Die Datenlage bezüglich Indikation, Art und Dauer der perioperativen Prophylaxe bei aseptischen Eingriffen in der Orthopädie ist für viele Bereiche nach wie vor unklar und bedarf weiterer Studien. Es besteht keine Evidenz für den Nutzen eines generellen Einsatzes von Antibiotika in der perioperativen Infektionspropylaxe bei unkomplizierten aseptischen Operationen ohne Einlage von Fremdmaterial.

Bei Einbringen von Fremdmaterial ist nach Meinung der meisten Expertengruppen wegen der potentiell bedrohlichen und schwerwiegenden Folgen für das Operationsergebnis und die Lebensqualität des Patienten eine generelle antibiotische perioperative Prophylaxe mit einem Cephalosporin der I. Generation (Cefazolin einmal 2 g i.v.) auch bei primär aseptischem Vorgehen sinnvoll.

Es besteht klare Evidenz für den Nutzen und die medizinische Sinnhaftigkeit einer perioperativen Antibiotikaprophylaxe mit Cephalosporinen der 1. oder 2. Generation (Cefazolin einmal 2 g i.v., Cefuroxim einmal 1,5 g i.v.) bei primär aseptischer Versorgung der Schenkelhalsfraktur und bei totalendoprothetischem Gelenkersatz in der Orthopädie. Cephalosporine der 2. Generation sind solchen der 1. Generation für diese Indikation nicht überlegen.

Die Prophlyaxe sollte ca. 30 min vor dem Hautschnitt bzw. spätestens 10 min vor Anlegen der Blutsperre infundiert werden. Die Anwendung von Glykopeptiden ist auf besondere Indikationen (β-Laktam-Allergie, hohes MRSA-/MRSE-Risiko) zu beschränken. Ein prophylaktischer Einsatz von Lokalantibiotika im Knochenzement wird nicht empfohlen.
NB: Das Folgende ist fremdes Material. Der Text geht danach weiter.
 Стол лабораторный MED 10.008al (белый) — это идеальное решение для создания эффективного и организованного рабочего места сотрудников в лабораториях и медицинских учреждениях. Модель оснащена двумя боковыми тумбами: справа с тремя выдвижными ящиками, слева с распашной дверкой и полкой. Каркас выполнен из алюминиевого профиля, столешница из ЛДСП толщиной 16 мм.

Die Antibiotikaprophylaxe wird üblicherweise als „single shot“ verabreicht, bei einer Operationsdauer von >3 h erfolgt eine erneute Applikation. Es besteht keine Evidenz für die Sinnhaftigkeit einer über 24 h hinaus fortgeführten perioperativen Antibiotikaprophylaxe bei primär aseptischen Eingriffen in der Orthopädie.
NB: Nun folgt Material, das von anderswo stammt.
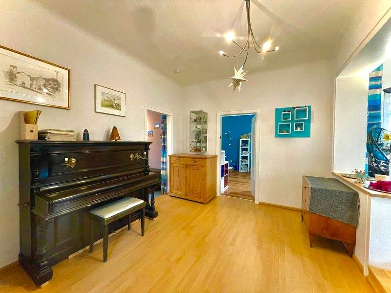 • Titelbild Wohnzimmer - Wie eine Doppelhaushälfte, nur horizontal geteilt: 4-Zimmer-Wohnung mit großem Garten und Keller
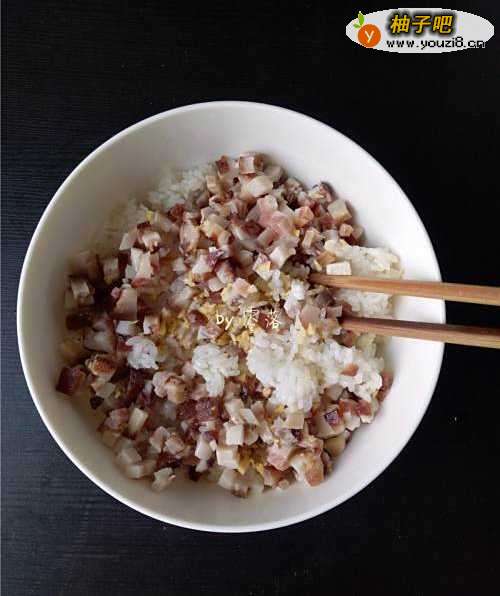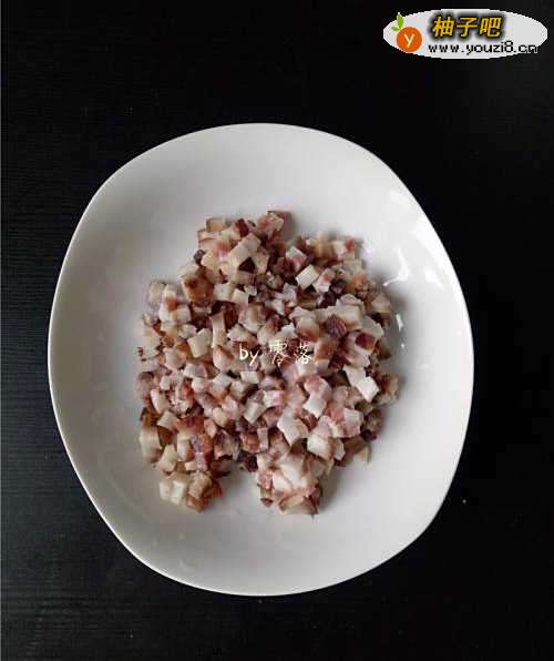 3腊肉用刀刃刮洗干净,切成腊肉丁;老姜洗净,切成姜末;鸡蛋打散;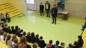 Vanni, Marzocchini e Vezzosi hanno distribuito ai bambini le borracce di alluminio e spiegato loro l’importanza della sostituzione e della riduzione progressiva delle bottiglie di plastica.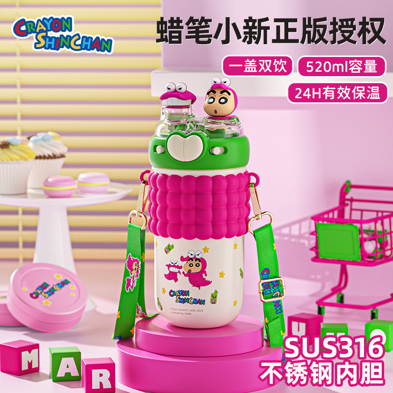 日本品质正版联名IP蜡笔小新保温杯儿童2025新款双饮水杯子带吸管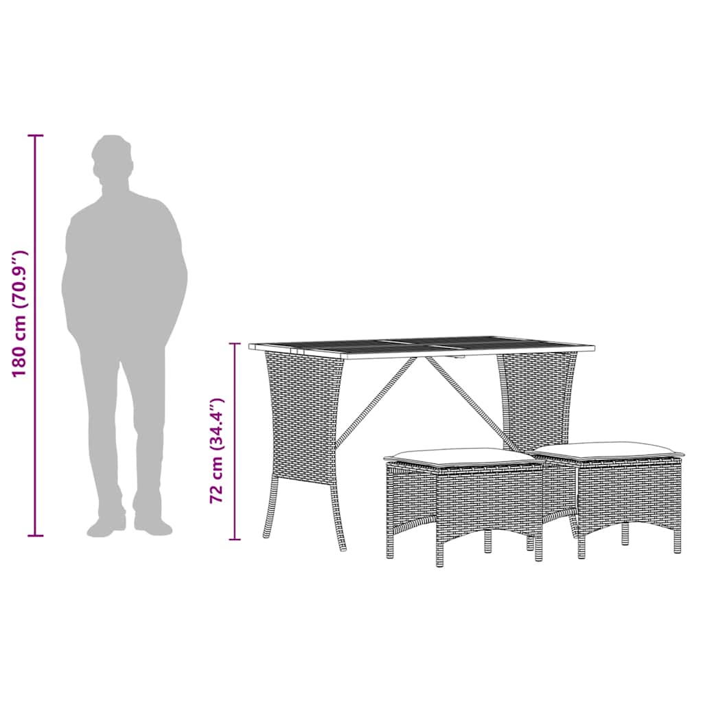 3dílný zahradní jídelní set s poduškami šedý polyratan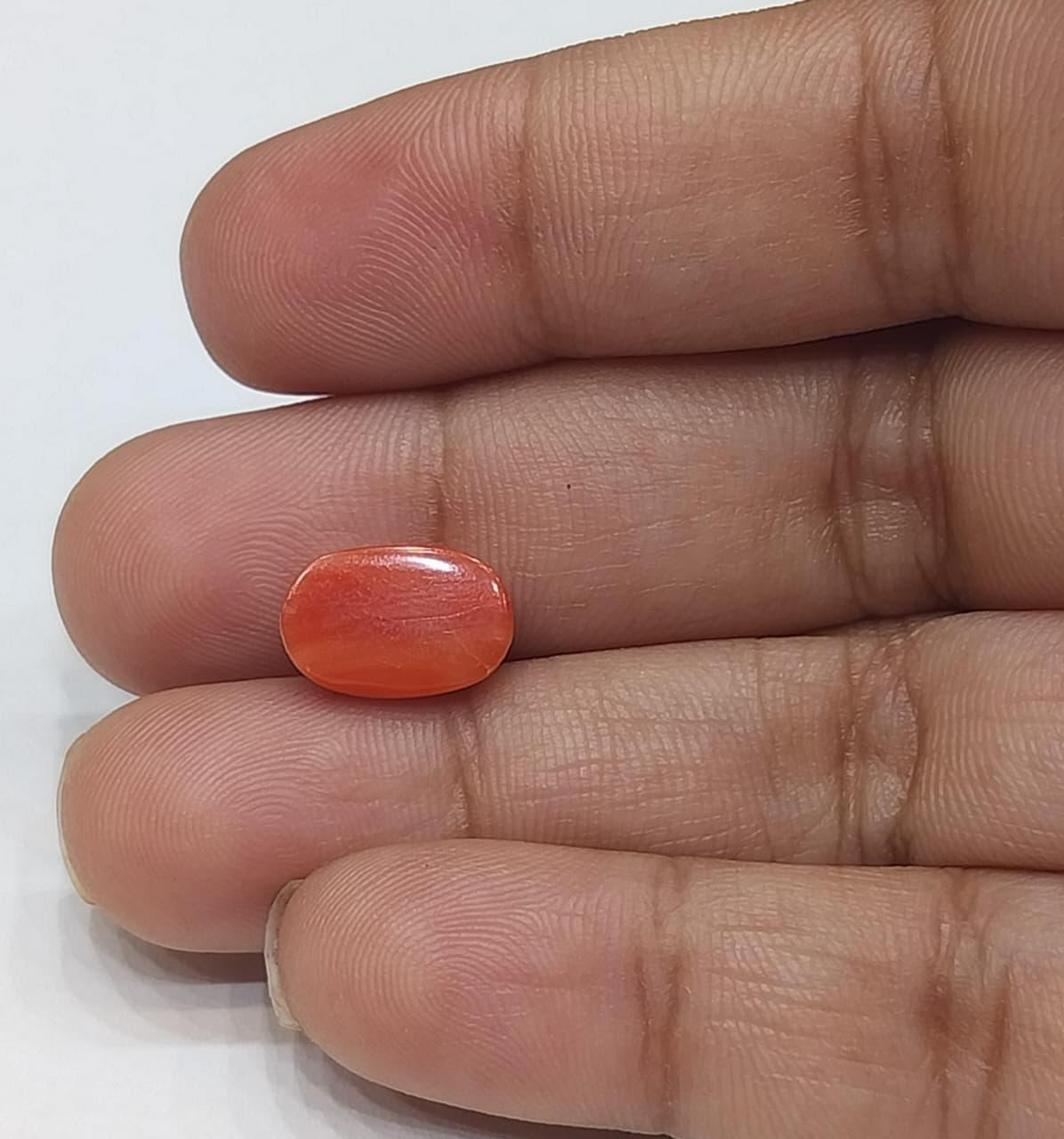 Natural Coral Stone Weight 3.27 Carat Oval Shape.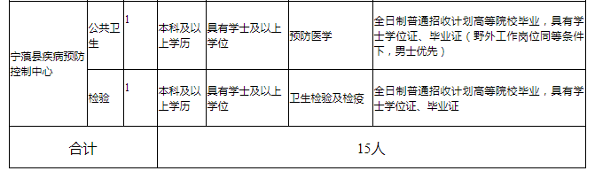 為進一步充實和優(yōu)化寧蒗縣醫(yī)療衛(wèi)生人才隊伍,經(jīng)縣人民政府同意,寧蒗縣人民醫(yī)院、縣中醫(yī)院、寧蒗縣疾病預(yù)防控制中心、寧蒗縣婦幼保健計劃生育服務(wù)中心、根據(jù)《事業(yè)單位公開招聘人員暫行規(guī)定》(人事部令第6號)、《云南省事業(yè)單位公開招聘工作人員辦法》(云人社發(fā)[2016]182號)和《關(guān)于進一步規(guī)范麗江市事業(yè)單位緊缺急需工作人員招聘的通知》(麗人社事〔2019〕66號)規(guī)定,4個單位面向醫(yī)學(xué)院校畢業(yè)生公開招聘緊缺急需醫(yī)療衛(wèi)生專業(yè)技術(shù)人員15名,現(xiàn)將相關(guān)事宜公告如下: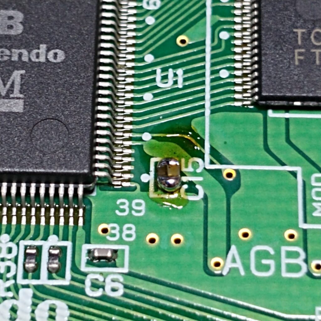 CPUの近くにC15とありますので、ここにコンデンサーをつけます。拡大して写真撮ってますが、実際はかなり小さいので虫眼鏡で確認しながらつけました。

Entsprechend den Erkenntnissen der aktuell verfügbaren Studien ist die Verwendung von Reinluftkabinen beim totalendoprothetischen Gelenkersatz dringend anzuraten, um das postoperative Infektionsrisiko zu minimieren. Diesem Vorgehen kommt nach Erkenntnissen aus evidenzbasierten Studien eminente Bedeutung für die Infektionsprävention zu.